Since ML algorithms cannot deal with categorical variables, we need to OneHotEncoder() them. As we remember, they are the variables 'Sex' and 'Island'. We will do it a little bit differently here, on the entire dataset instead of on the train and test arrays.

Note: 
* The .categories_ attribute contains a list containing an array of the attribute names 
* The encoded object contains the one-hot encoded array. By converting it to an explicit array, the data can be mapped to DataFrame columns.


In [18]:
one_hot = OneHotEncoder()

# For island
encoded1 = one_hot.fit_transform(df[['island']])
df[one_hot.categories_[0]] = encoded1.toarray()

# For sex
encoded2 = one_hot.fit_transform(df[['sex']])
df[one_hot.categories_[0]] = encoded2.toarray()

In [19]:
df

Unnamed: 0,species,island,bill_length_mm,bill_depth_mm,flipper_length_mm,body_mass_g,sex,Biscoe,Dream,Torgersen,Female,Male
0,Adelie,Torgersen,39.1,18.7,181.0,3750.0,Male,0.0,0.0,1.0,0.0,1.0
1,Adelie,Torgersen,39.5,17.4,186.0,3800.0,Female,0.0,0.0,1.0,1.0,0.0
2,Adelie,Torgersen,40.3,18.0,195.0,3250.0,Female,0.0,0.0,1.0,1.0,0.0
4,Adelie,Torgersen,36.7,19.3,193.0,3450.0,Female,0.0,0.0,1.0,1.0,0.0
5,Adelie,Torgersen,39.3,20.6,190.0,3650.0,Male,0.0,0.0,1.0,0.0,1.0
...,...,...,...,...,...,...,...,...,...,...,...,...
338,Gentoo,Biscoe,47.2,13.7,214.0,4925.0,Female,1.0,0.0,0.0,1.0,0.0
340,Gentoo,Biscoe,46.8,14.3,215.0,4850.0,Female,1.0,0.0,0.0,1.0,0.0
341,Gentoo,Biscoe,50.4,15.7,222.0,5750.0,Male,1.0,0.0,0.0,0.0,1.0
342,Gentoo,Biscoe,45.2,14.8,212.0,5200.0,Female,1.0,0.0,0.0,1.0,0.0


In [23]:
#Dropping the original categorical variables from the dataframe
df.drop(['sex', 'island'], axis = 1, inplace=True)
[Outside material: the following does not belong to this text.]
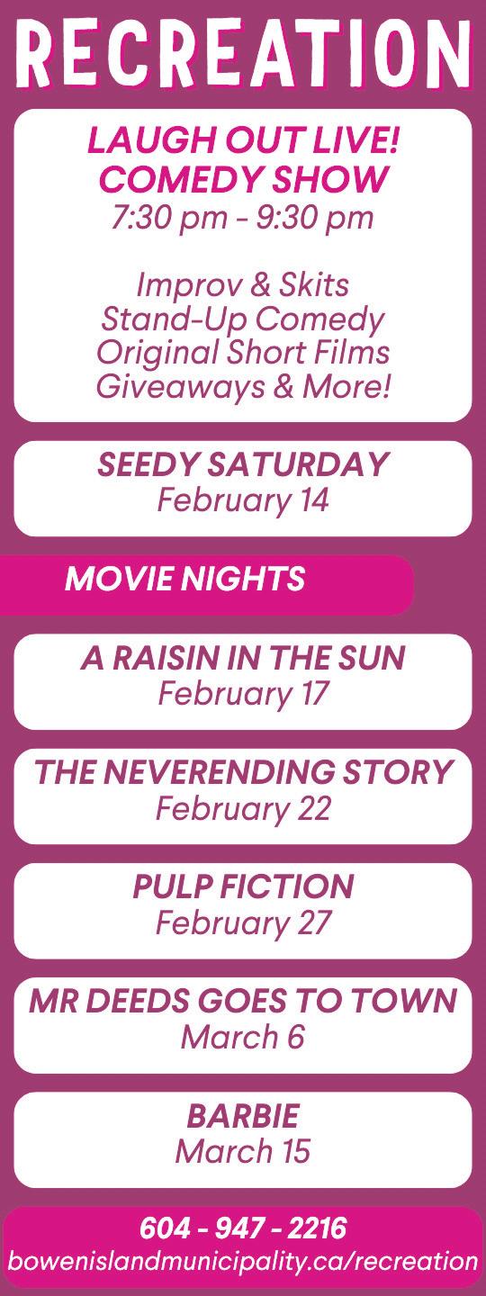 Sunday is also of course the Super Bowl! The Seattle Seahawks and New England Patriots face each other in the big game, which is being shown at many Bowen establishments if you are looking to watch the gridiron game with some company. After a long wait we’ve also cycled back into Olympics season with the Winter Games underway in Italy. It’s always fun to see the many different and creative snow sports on display, and it’s a competition where Canada is always in the discussion thanks to our northern nature. Italy sits nine hours ahead of us so the next two weeks will provide plenty of athletic action to get you up and at ‘em in the morning!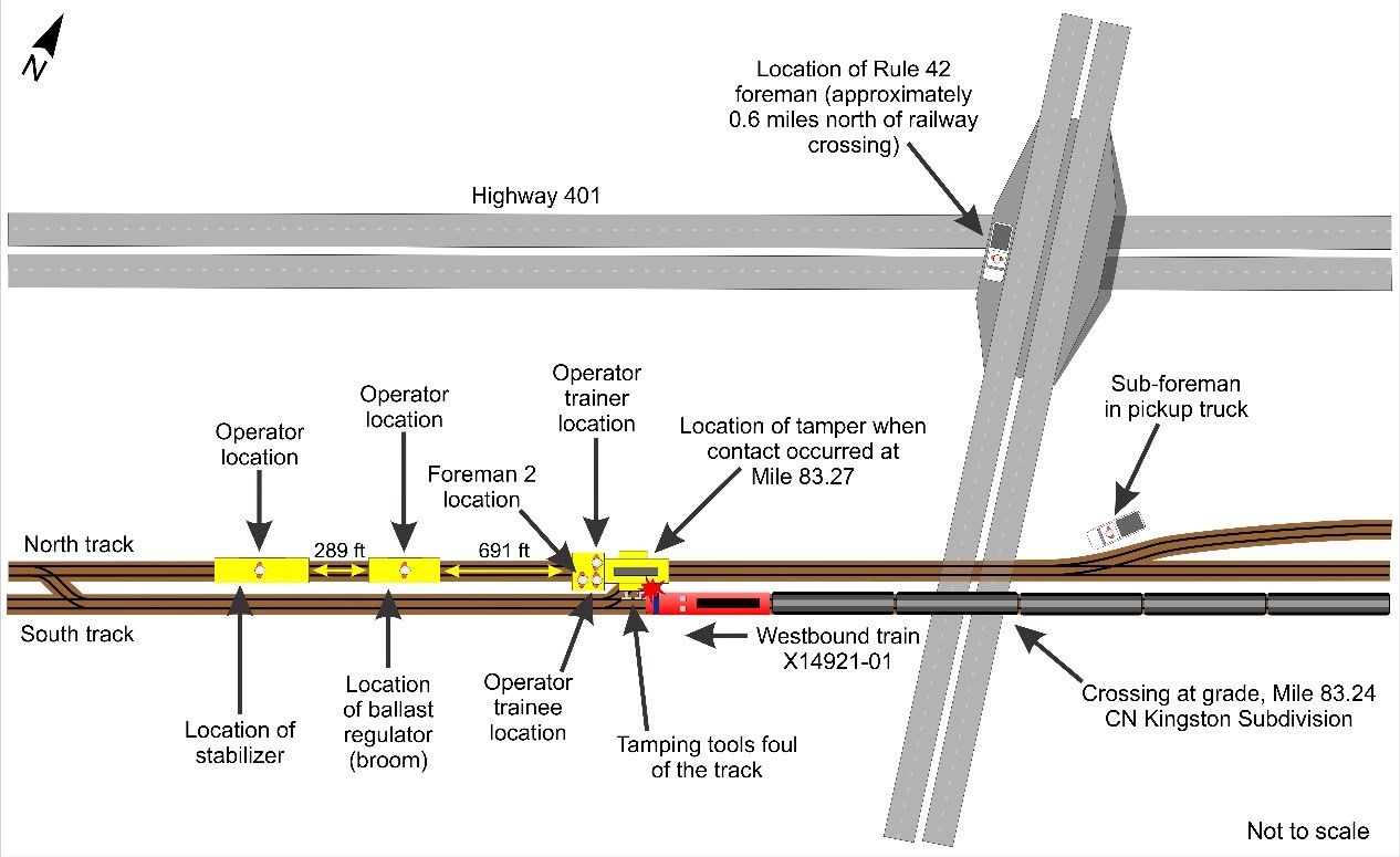 The sub-foreman, who was performing other operational duties, was in his truck, which was positioned on the north side of the railway right-of-way, about 250 feet east of the track maintenance machines that were under his protection (a track stabilizer, a ballast regulator, and a tamper). From his location, the sub-foreman was not in a position, nor required, to see the south side of the track maintenance machines, including the tamper.

Documentation for the RandomForestClassifier: https://scikit-learn.org/stable/modules/generated/sklearn.ensemble.RandomForestClassifier.html

The parameters are very similar to those for the Decision Tree.
Note:
- n_estimators is The number of trees in the forest. The default is 100.

In [24]:
# Creating our X and y
X = df.copy()
X.drop(['species'], axis = 1, inplace=True)

y = df['species']

# Splitting our data into training and testing dataset
X_train, X_test, y_train, y_test = train_test_split(X, y, test_size=0.3, random_state=100, stratify=y)

In [25]:
# Creating our classifier 

forest_clf = RandomForestClassifier(n_estimators=100, random_state=100)

In [26]:
# Training the model

forest_clf.fit(X_train,y_train)

RandomForestClassifier(random_state=100)

In [27]:
# Testing/Predicting using our model
predictions = forest_clf.predict(X_test)

In [28]:
# Checking its accuracy
print(accuracy_score(y_test, predictions))

0.98


At home practice: apply random forest algorithm on titanic data and decision tree algorithm on penguins data. Compare and contrast the accuracy of the predictions.